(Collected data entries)
▶

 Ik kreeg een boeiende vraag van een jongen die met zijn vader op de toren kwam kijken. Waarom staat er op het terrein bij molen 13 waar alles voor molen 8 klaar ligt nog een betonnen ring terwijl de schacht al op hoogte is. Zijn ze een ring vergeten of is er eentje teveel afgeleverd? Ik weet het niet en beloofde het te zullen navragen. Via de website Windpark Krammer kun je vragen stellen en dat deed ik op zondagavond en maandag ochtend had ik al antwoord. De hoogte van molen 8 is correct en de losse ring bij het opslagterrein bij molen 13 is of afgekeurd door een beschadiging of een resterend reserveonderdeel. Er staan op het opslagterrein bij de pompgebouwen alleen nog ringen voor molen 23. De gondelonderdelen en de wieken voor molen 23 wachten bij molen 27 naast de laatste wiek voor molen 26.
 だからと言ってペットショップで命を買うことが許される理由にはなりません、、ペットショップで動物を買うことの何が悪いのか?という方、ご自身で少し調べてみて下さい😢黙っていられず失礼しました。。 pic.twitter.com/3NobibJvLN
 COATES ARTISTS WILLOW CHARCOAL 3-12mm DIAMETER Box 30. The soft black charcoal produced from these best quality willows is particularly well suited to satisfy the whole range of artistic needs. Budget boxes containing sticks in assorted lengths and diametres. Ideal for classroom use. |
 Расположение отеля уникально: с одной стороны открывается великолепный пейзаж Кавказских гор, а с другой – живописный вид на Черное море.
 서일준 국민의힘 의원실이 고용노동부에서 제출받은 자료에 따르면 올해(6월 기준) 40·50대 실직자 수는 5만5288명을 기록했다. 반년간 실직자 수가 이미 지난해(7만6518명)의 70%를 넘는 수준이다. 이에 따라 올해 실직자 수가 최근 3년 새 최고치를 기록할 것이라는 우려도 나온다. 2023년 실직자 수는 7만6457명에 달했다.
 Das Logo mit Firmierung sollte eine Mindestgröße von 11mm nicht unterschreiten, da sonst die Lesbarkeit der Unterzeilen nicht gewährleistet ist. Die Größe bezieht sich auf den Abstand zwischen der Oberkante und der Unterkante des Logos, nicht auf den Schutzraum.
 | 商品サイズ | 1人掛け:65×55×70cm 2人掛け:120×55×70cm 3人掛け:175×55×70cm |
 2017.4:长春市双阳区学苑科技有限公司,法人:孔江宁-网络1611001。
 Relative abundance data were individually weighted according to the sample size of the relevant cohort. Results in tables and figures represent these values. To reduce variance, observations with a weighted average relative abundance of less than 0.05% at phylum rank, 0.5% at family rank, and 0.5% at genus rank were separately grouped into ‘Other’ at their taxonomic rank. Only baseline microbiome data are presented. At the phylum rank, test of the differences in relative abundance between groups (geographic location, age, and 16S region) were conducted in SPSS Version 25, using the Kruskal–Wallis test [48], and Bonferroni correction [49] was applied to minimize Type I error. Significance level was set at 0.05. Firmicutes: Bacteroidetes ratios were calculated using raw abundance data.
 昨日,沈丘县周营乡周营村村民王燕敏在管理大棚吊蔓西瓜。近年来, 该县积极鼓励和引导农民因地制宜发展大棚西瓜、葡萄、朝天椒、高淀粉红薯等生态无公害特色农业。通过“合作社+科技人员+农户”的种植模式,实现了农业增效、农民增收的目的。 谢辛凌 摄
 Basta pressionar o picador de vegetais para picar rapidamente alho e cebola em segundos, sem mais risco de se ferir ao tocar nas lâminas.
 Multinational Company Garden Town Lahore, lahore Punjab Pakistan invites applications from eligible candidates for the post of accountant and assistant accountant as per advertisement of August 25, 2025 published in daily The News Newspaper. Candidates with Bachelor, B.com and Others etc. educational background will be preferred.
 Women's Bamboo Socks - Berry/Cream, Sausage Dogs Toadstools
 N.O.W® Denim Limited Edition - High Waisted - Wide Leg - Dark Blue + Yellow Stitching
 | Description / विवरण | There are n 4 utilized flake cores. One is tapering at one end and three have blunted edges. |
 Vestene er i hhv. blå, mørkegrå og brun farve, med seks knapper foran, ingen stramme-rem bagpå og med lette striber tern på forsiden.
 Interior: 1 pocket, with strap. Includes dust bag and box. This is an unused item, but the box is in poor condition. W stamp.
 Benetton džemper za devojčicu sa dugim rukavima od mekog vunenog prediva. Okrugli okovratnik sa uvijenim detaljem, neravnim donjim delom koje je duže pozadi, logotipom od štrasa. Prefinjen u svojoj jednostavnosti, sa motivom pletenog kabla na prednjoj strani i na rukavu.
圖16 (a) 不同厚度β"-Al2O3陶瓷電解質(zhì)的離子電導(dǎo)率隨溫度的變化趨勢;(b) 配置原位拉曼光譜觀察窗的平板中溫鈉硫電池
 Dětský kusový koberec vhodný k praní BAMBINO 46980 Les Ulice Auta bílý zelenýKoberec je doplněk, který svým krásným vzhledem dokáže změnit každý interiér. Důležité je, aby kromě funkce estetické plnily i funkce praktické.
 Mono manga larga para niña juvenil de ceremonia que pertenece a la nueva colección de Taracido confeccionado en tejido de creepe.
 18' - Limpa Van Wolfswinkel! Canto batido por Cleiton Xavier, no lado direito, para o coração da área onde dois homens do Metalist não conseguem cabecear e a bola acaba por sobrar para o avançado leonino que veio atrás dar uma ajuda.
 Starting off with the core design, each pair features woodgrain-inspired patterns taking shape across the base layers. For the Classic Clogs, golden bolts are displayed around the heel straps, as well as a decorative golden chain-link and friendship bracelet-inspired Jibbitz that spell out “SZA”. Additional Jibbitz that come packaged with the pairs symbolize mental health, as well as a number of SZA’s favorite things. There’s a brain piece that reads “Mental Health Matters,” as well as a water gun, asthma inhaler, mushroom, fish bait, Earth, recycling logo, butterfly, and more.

◀

# BRIEF:
Return all of the lines above exactly, with none omitted.

# TASK ANSWER:
 Ik kreeg een boeiende vraag van een jongen die met zijn vader op de toren kwam kijken. Waarom staat er op het terrein bij molen 13 waar alles voor molen 8 klaar ligt nog een betonnen ring terwijl de schacht al op hoogte is. Zijn ze een ring vergeten of is er eentje teveel afgeleverd? Ik weet het niet en beloofde het te zullen navragen. Via de website Windpark Krammer kun je vragen stellen en dat deed ik op zondagavond en maandag ochtend had ik al antwoord. De hoogte van molen 8 is correct en de losse ring bij het opslagterrein bij molen 13 is of afgekeurd door een beschadiging of een resterend reserveonderdeel. Er staan op het opslagterrein bij de pompgebouwen alleen nog ringen voor molen 23. De gondelonderdelen en de wieken voor molen 23 wachten bij molen 27 naast de laatste wiek voor molen 26.
 だからと言ってペットショップで命を買うことが許される理由にはなりません、、ペットショップで動物を買うことの何が悪いのか?という方、ご自身で少し調べてみて下さい😢黙っていられず失礼しました。。 pic.twitter.com/3NobibJvLN
 COATES ARTISTS WILLOW CHARCOAL 3-12mm DIAMETER Box 30. The soft black charcoal produced from these best quality willows is particularly well suited to satisfy the whole range of artistic needs. Budget boxes containing sticks in assorted lengths and diametres. Ideal for classroom use. |
 Расположение отеля уникально: с одной стороны открывается великолепный пейзаж Кавказских гор, а с другой – живописный вид на Черное море.
 서일준 국민의힘 의원실이 고용노동부에서 제출받은 자료에 따르면 올해(6월 기준) 40·50대 실직자 수는 5만5288명을 기록했다. 반년간 실직자 수가 이미 지난해(7만6518명)의 70%를 넘는 수준이다. 이에 따라 올해 실직자 수가 최근 3년 새 최고치를 기록할 것이라는 우려도 나온다. 2023년 실직자 수는 7만6457명에 달했다.
 Das Logo mit Firmierung sollte eine Mindestgröße von 11mm nicht unterschreiten, da sonst die Lesbarkeit der Unterzeilen nicht gewährleistet ist. Die Größe bezieht sich auf den Abstand zwischen der Oberkante und der Unterkante des Logos, nicht auf den Schutzraum.
 | 商品サイズ | 1人掛け:65×55×70cm 2人掛け:120×55×70cm 3人掛け:175×55×70cm |
 2017.4:长春市双阳区学苑科技有限公司,法人:孔江宁-网络1611001。
 Relative abundance data were individually weighted according to the sample size of the relevant cohort. Results in tables and figures represent these values. To reduce variance, observations with a weighted average relative abundance of less than 0.05% at phylum rank, 0.5% at family rank, and 0.5% at genus rank were separately grouped into ‘Other’ at their taxonomic rank. Only baseline microbiome data are presented. At the phylum rank, test of the differences in relative abundance between groups (geographic location, age, and 16S region) were conducted in SPSS Version 25, using the Kruskal–Wallis test [48], and Bonferroni correction [49] was applied to minimize Type I error. Significance level was set at 0.05. Firmicutes: Bacteroidetes ratios were calculated using raw abundance data.
 昨日,沈丘县周营乡周营村村民王燕敏在管理大棚吊蔓西瓜。近年来, 该县积极鼓励和引导农民因地制宜发展大棚西瓜、葡萄、朝天椒、高淀粉红薯等生态无公害特色农业。通过“合作社+科技人员+农户”的种植模式,实现了农业增效、农民增收的目的。 谢辛凌 摄
 Basta pressionar o picador de vegetais para picar rapidamente alho e cebola em segundos, sem mais risco de se ferir ao tocar nas lâminas.
 Multinational Company Garden Town Lahore, lahore Punjab Pakistan invites applications from eligible candidates for the post of accountant and assistant accountant as per advertisement of August 25, 2025 published in daily The News Newspaper. Candidates with Bachelor, B.com and Others etc. educational background will be preferred.
 Women's Bamboo Socks - Berry/Cream, Sausage Dogs Toadstools
 N.O.W® Denim Limited Edition - High Waisted - Wide Leg - Dark Blue + Yellow Stitching
 | Description / विवरण | There are n 4 utilized flake cores. One is tapering at one end and three have blunted edges. |
 Vestene er i hhv. blå, mørkegrå og brun farve, med seks knapper foran, ingen stramme-rem bagpå og med lette striber tern på forsiden.
 Interior: 1 pocket, with strap. Includes dust bag and box. This is an unused item, but the box is in poor condition. W stamp.
 Benetton džemper za devojčicu sa dugim rukavima od mekog vunenog prediva. Okrugli okovratnik sa uvijenim detaljem, neravnim donjim delom koje je duže pozadi, logotipom od štrasa. Prefinjen u svojoj jednostavnosti, sa motivom pletenog kabla na prednjoj strani i na rukavu.
圖16 (a) 不同厚度β"-Al2O3陶瓷電解質(zhì)的離子電導(dǎo)率隨溫度的變化趨勢;(b) 配置原位拉曼光譜觀察窗的平板中溫鈉硫電池
 Dětský kusový koberec vhodný k praní BAMBINO 46980 Les Ulice Auta bílý zelenýKoberec je doplněk, který svým krásným vzhledem dokáže změnit každý interiér. Důležité je, aby kromě funkce estetické plnily i funkce praktické.
 Mono manga larga para niña juvenil de ceremonia que pertenece a la nueva colección de Taracido confeccionado en tejido de creepe.
 18' - Limpa Van Wolfswinkel! Canto batido por Cleiton Xavier, no lado direito, para o coração da área onde dois homens do Metalist não conseguem cabecear e a bola acaba por sobrar para o avançado leonino que veio atrás dar uma ajuda.
 Starting off with the core design, each pair features woodgrain-inspired patterns taking shape across the base layers. For the Classic Clogs, golden bolts are displayed around the heel straps, as well as a decorative golden chain-link and friendship bracelet-inspired Jibbitz that spell out “SZA”. Additional Jibbitz that come packaged with the pairs symbolize mental health, as well as a number of SZA’s favorite things. There’s a brain piece that reads “Mental Health Matters,” as well as a water gun, asthma inhaler, mushroom, fish bait, Earth, recycling logo, butterfly, and more.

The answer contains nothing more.